──────── EXERCISE DATA
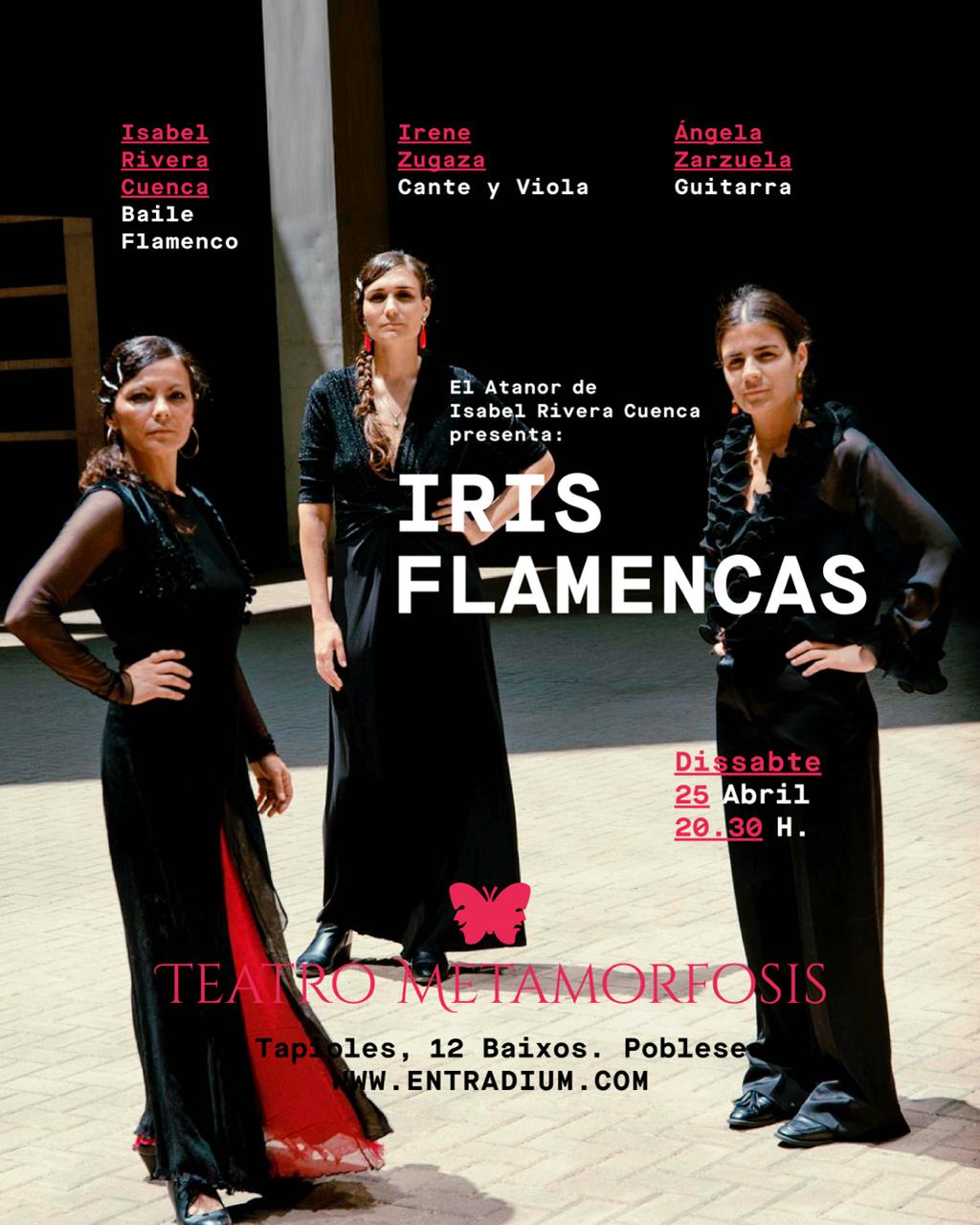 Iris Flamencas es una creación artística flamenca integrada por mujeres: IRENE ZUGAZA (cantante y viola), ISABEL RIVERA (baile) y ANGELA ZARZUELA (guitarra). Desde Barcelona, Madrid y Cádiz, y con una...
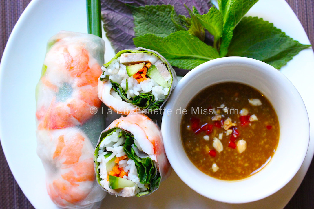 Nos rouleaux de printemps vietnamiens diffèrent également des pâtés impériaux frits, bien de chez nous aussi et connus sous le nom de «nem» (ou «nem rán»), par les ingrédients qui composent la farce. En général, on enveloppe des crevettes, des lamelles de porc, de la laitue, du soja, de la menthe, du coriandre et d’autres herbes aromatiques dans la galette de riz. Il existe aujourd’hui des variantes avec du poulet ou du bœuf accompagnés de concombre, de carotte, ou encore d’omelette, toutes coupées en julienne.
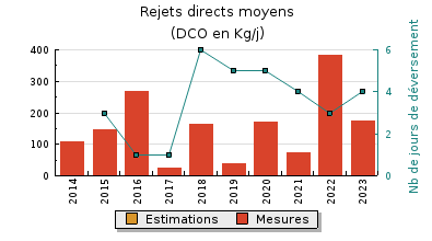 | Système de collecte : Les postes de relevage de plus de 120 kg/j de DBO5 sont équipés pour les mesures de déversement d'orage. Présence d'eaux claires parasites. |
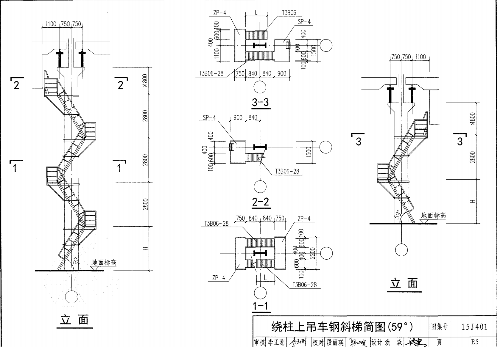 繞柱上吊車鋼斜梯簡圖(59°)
────────────────
> PROBLEM STATEMENT: For this exercise, transcribe the data exactly but without its pictures.

> RESPONSE BELOW:
 Iris Flamencas es una creación artística flamenca integrada por mujeres: IRENE ZUGAZA (cantante y viola), ISABEL RIVERA (baile) y ANGELA ZARZUELA (guitarra). Desde Barcelona, Madrid y Cádiz, y con una...
 Nos rouleaux de printemps vietnamiens diffèrent également des pâtés impériaux frits, bien de chez nous aussi et connus sous le nom de «nem» (ou «nem rán»), par les ingrédients qui composent la farce. En général, on enveloppe des crevettes, des lamelles de porc, de la laitue, du soja, de la menthe, du coriandre et d’autres herbes aromatiques dans la galette de riz. Il existe aujourd’hui des variantes avec du poulet ou du bœuf accompagnés de concombre, de carotte, ou encore d’omelette, toutes coupées en julienne.
 | Système de collecte : Les postes de relevage de plus de 120 kg/j de DBO5 sont équipés pour les mesures de déversement d'orage. Présence d'eaux claires parasites. |
 繞柱上吊車鋼斜梯簡圖(59°)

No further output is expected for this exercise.